• **Required work**: Below are records; reproduce exactly the lines from the one that has "Extrude Masa fioletowa, ciemnozielona, jasnoniebieska, zielona" through the one that has "シンポジウムでのひとこま", ends included, and nothing more.

• **Source records**:

◇ ◇ ◇ ◇

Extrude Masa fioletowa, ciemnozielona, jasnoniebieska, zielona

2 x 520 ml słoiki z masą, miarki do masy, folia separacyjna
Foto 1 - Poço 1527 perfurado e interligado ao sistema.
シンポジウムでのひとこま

◇ ◇ ◇ ◇

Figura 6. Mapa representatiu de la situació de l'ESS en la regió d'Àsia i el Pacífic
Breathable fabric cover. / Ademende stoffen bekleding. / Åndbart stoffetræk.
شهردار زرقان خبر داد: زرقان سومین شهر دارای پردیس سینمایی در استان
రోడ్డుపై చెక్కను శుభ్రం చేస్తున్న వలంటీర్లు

◇ ◇ ◇ ◇

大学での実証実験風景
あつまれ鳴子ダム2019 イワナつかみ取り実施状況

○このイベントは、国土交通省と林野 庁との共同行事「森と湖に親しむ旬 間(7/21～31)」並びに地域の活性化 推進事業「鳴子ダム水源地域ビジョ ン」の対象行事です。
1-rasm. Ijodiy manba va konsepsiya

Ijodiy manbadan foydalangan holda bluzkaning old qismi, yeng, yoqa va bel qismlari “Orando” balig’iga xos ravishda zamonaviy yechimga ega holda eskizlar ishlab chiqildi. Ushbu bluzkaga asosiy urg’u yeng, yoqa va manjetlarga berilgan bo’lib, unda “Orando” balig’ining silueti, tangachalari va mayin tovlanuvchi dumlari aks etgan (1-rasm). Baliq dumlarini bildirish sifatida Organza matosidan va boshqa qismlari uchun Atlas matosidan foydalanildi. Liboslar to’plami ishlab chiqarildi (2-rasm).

◇ ◇ ◇ ◇

• **Solution**:
Extrude Masa fioletowa, ciemnozielona, jasnoniebieska, zielona

2 x 520 ml słoiki z masą, miarki do masy, folia separacyjna
Foto 1 - Poço 1527 perfurado e interligado ao sistema.
シンポジウムでのひとこま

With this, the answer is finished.